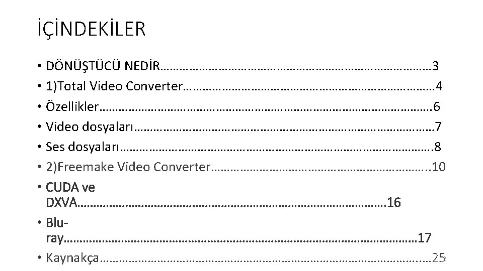 Total Video Converter ØTotal Video Converter, video ve ses dosyalarınızı farklı formatlara dönüştürerek PSP, i. Pod, i. Phone, Xbox ve diğer taşınabilir cihazlarla uyumlu şekilde kullanabilmeniz için tasarlanmış bir ses ve video dönüştürücüdür. Program farklı kalite ve hız seçenekleriyle birçok ses ve video formatı için geniş codec seçeneği sunmaktadır. 4
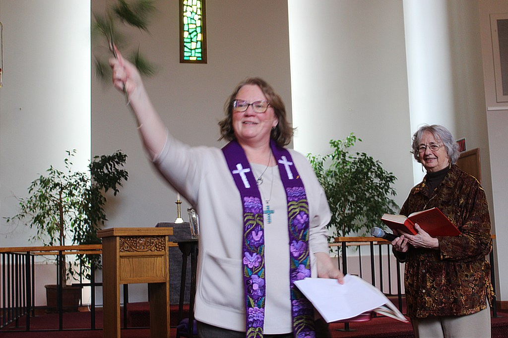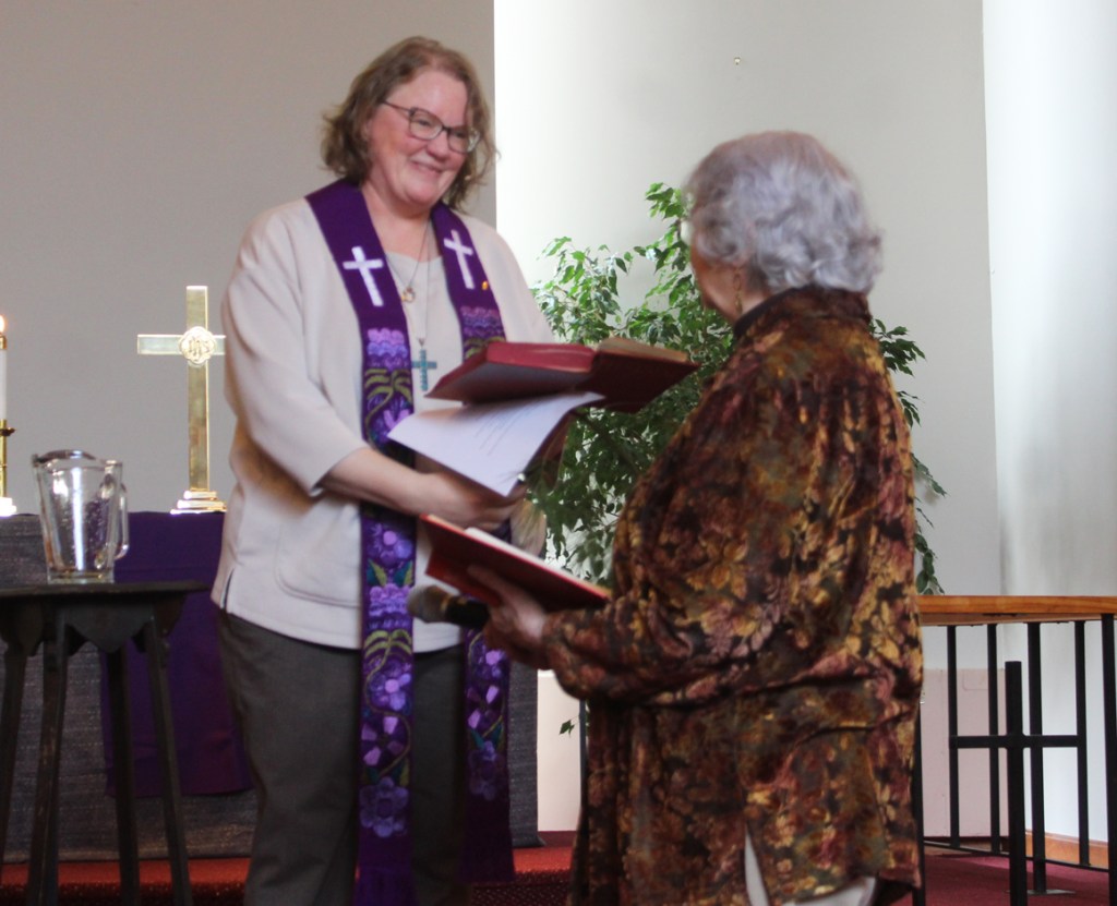 During the ceremony, Pastor Kathleen sprinkled water from a pine bow on Carol and all members of the congregation “to remember your baptism and be grateful”. Welcome, Carol!
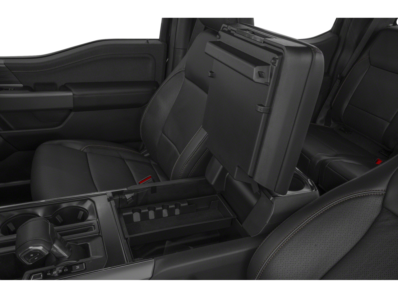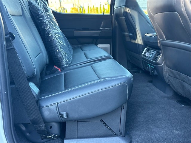 EQUIPMENT GROUP, 3.5L PowerBoost Full-Hybrid V6, 4WD, 2nd Row Heated Seats, 4 Pickup Box Tie-Down Plates, 4x4 FX4 Off-Road Bodyside Decal, 6 Extended Running Boards, 8 Speakers, ActiveX Trimmed Bucket Seats (B), AM/FM radio: SiriusXM with 360L, Ambient Lighting - Ice Blue Color Only, Automatic temperature control, Bed Utility Package, Black Exterior Badging, Black Grille, Black Taillamp Bezels, Body-Color Front & Rear Bumpers, Body-Color Skull Caps & Door Handles, Console Worksurface, Dark Interior Appliques, Electronic Locking w/3.73 Axle Ratio, Equipment Group 502A High, Front Dual Zone Electronic A/C, Fully automatic headlights, FX4 Off-Road Package, Garage door transmitter, Gray Box Side Decal, Heads-Up Display, Heated Steering Wheel, Heated/Cooled Front Seats, Hill Descent Control, Illuminated Driver & Passenger Visors, Integrated Trailer Brake Controller, Lariat Black Appearance Package, LED Box Lighting, Low Tire Pressure Warning, Matte Black Tailgate F-150 Decal, Mobile Office Package, Monotube Rear Shocks, Off-Road Tuned Front Shock Absorbers, Partitioned Lockable Rear Storage, Power Tailgate, Power-Sliding Rear Window, Pro Access Tailgate, Pro Power Onboard - 7.2KW, Radio: B&O Unleashed Sound System by Bang & Olufsen, Rock Crawl Mode, Split folding rear seat, SYNC 4 w/Enhanced Voice Recognition, Tow/Haul Package, Tray Style Floor Liner w/o Carpet Mats, Twin Panel Moonroof, Wheels: 20 Gloss Black Painted Aluminum, Wireless Charging.
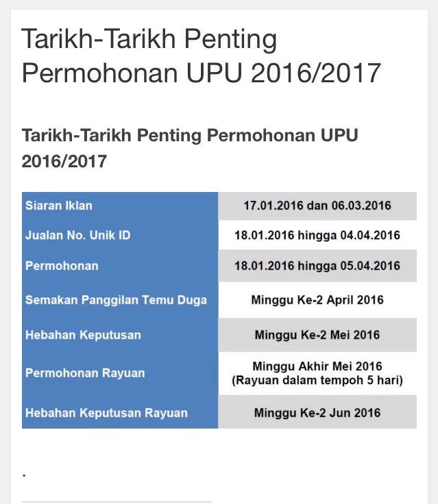 Minggu Akhir Mei 2016. Dalam kurungan adalah tarikh bagi tahun sebelumnya. Tarikh-Tarikh Penting Permohonan UPU 20162017 Siaran Iklan 17 Januari - 6 Mac 2016 Jualan No.

---------------

## What you need to do
Pictures are to be left out; otherwise, retype exactly the lines from the first line of the data through the line containing "During the ceremony, Pastor".

## Response to the exercise
 Total Video Converter ØTotal Video Converter, video ve ses dosyalarınızı farklı formatlara dönüştürerek PSP, i. Pod, i. Phone, Xbox ve diğer taşınabilir cihazlarla uyumlu şekilde kullanabilmeniz için tasarlanmış bir ses ve video dönüştürücüdür. Program farklı kalite ve hız seçenekleriyle birçok ses ve video formatı için geniş codec seçeneği sunmaktadır. 4
 During the ceremony, Pastor Kathleen sprinkled water from a pine bow on Carol and all members of the congregation “to remember your baptism and be grateful”. Welcome, Carol!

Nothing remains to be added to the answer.